How to complete this task
With the pictures removed, the data below must be transcribed in full and exactly.

The data
((
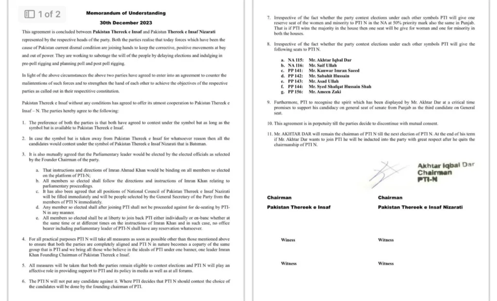 قبل ازیں پی ٹی آئی اور تحریک انصاف نظریاتی کے درمیان ٹکٹوں کی تقسیم کا معاہدہ سامنے آ گیا، معاہدہ 30 دسمبر 2023 کو ہوا،پی ٹی آئی نظریاتی نے ٹکٹوں کے بدلے پی ٹی آئی سے 2 قومی صوبائی اسمبلیوں سے 5 ٹکٹ لیے،تحریک انصاف نظریاتی نے ٹکٹوں کے بدلے پی ٹی آئی سے 2 مخصوص نشستیں بھی لیں ، معاہدے میں کہا گیا کہ تحریک انصاف نے چیئرمین پی ٹی آئی نظریاتی کو سینیٹ میں بھی سپورٹ کرنا ہے ،
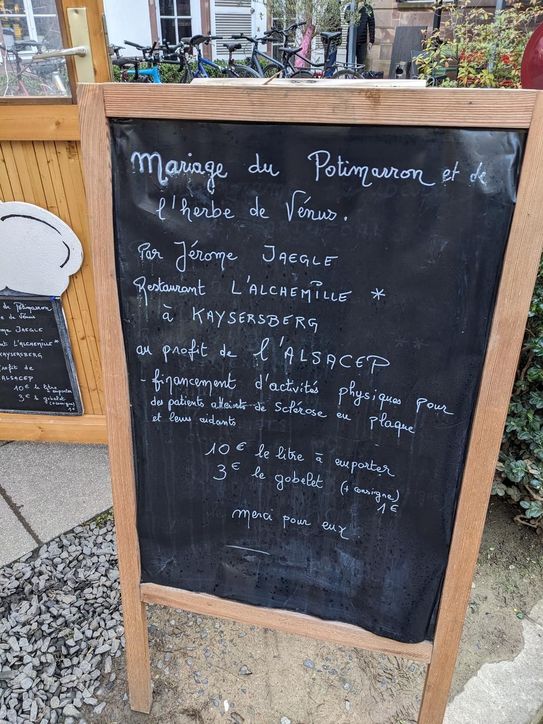 Du 26 novembre au 2 décembre, Jérôme Jaegle, le chef de L’Alchémille à Kaysersberg (* Michelin), a ouvert le bal des soupes en mariant le potimarron et l’herbe de Vénus, pour financer des activités physiques adaptées et des groupes de parole destinés à des patients atteints de sclérose en plaques et à leurs aidants proches (association Alsacep).
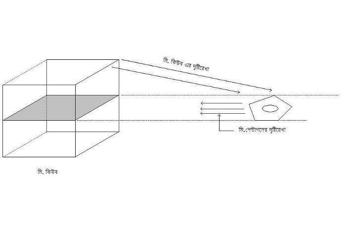 ত্রিমাত্রিক কোন প্রাণির ক্ষেত্রে মি. পেন্টাগন আগের মতই কেবলমাত্র একটি রেখার মত বস্তু দেখতে পাবেন । কেননা তার দুই মাত্রার সীমিত জগতের সাথে ত্রিমাত্রিক জগতের ছেদ করা অংশটুকুই কেবল তার দৃষ্টি গোচর হবে। অর্থাৎ মি. কিউব এর যখন যে অংশটুকু মি. পেন্টাগনের দ্বিমাত্রিক জগতে থাকবে তখন সেটুকুই কেবল তিনি দেখবেন । মি. কিউব মি. পেন্টাগনকে কিরূপে দেখবেন সে প্রসঙ্গে বলি । মি. কিউব কিন্তু মি. পেন্টাগনের দৈর্ঘ্য ও প্রস্থ একই সাথে দেখতে পাবেন । এখন যেমন আমরা পাচ্ছি । আবার তিনি কিন্তু ত্রিমাত্রিক হওয়ায় মি. পেন্টাগনের ভিতরে থাকা বৃত্তটিকেও দেখতে পাবেন । তাকে পুরোটা দেখতে এমনকি ঘুরেও আসতে হবে না ।
))
Exercise response
 قبل ازیں پی ٹی آئی اور تحریک انصاف نظریاتی کے درمیان ٹکٹوں کی تقسیم کا معاہدہ سامنے آ گیا، معاہدہ 30 دسمبر 2023 کو ہوا،پی ٹی آئی نظریاتی نے ٹکٹوں کے بدلے پی ٹی آئی سے 2 قومی صوبائی اسمبلیوں سے 5 ٹکٹ لیے،تحریک انصاف نظریاتی نے ٹکٹوں کے بدلے پی ٹی آئی سے 2 مخصوص نشستیں بھی لیں ، معاہدے میں کہا گیا کہ تحریک انصاف نے چیئرمین پی ٹی آئی نظریاتی کو سینیٹ میں بھی سپورٹ کرنا ہے ،
 Du 26 novembre au 2 décembre, Jérôme Jaegle, le chef de L’Alchémille à Kaysersberg (* Michelin), a ouvert le bal des soupes en mariant le potimarron et l’herbe de Vénus, pour financer des activités physiques adaptées et des groupes de parole destinés à des patients atteints de sclérose en plaques et à leurs aidants proches (association Alsacep).
 ত্রিমাত্রিক কোন প্রাণির ক্ষেত্রে মি. পেন্টাগন আগের মতই কেবলমাত্র একটি রেখার মত বস্তু দেখতে পাবেন । কেননা তার দুই মাত্রার সীমিত জগতের সাথে ত্রিমাত্রিক জগতের ছেদ করা অংশটুকুই কেবল তার দৃষ্টি গোচর হবে। অর্থাৎ মি. কিউব এর যখন যে অংশটুকু মি. পেন্টাগনের দ্বিমাত্রিক জগতে থাকবে তখন সেটুকুই কেবল তিনি দেখবেন । মি. কিউব মি. পেন্টাগনকে কিরূপে দেখবেন সে প্রসঙ্গে বলি । মি. কিউব কিন্তু মি. পেন্টাগনের দৈর্ঘ্য ও প্রস্থ একই সাথে দেখতে পাবেন । এখন যেমন আমরা পাচ্ছি । আবার তিনি কিন্তু ত্রিমাত্রিক হওয়ায় মি. পেন্টাগনের ভিতরে থাকা বৃত্তটিকেও দেখতে পাবেন । তাকে পুরোটা দেখতে এমনকি ঘুরেও আসতে হবে না ।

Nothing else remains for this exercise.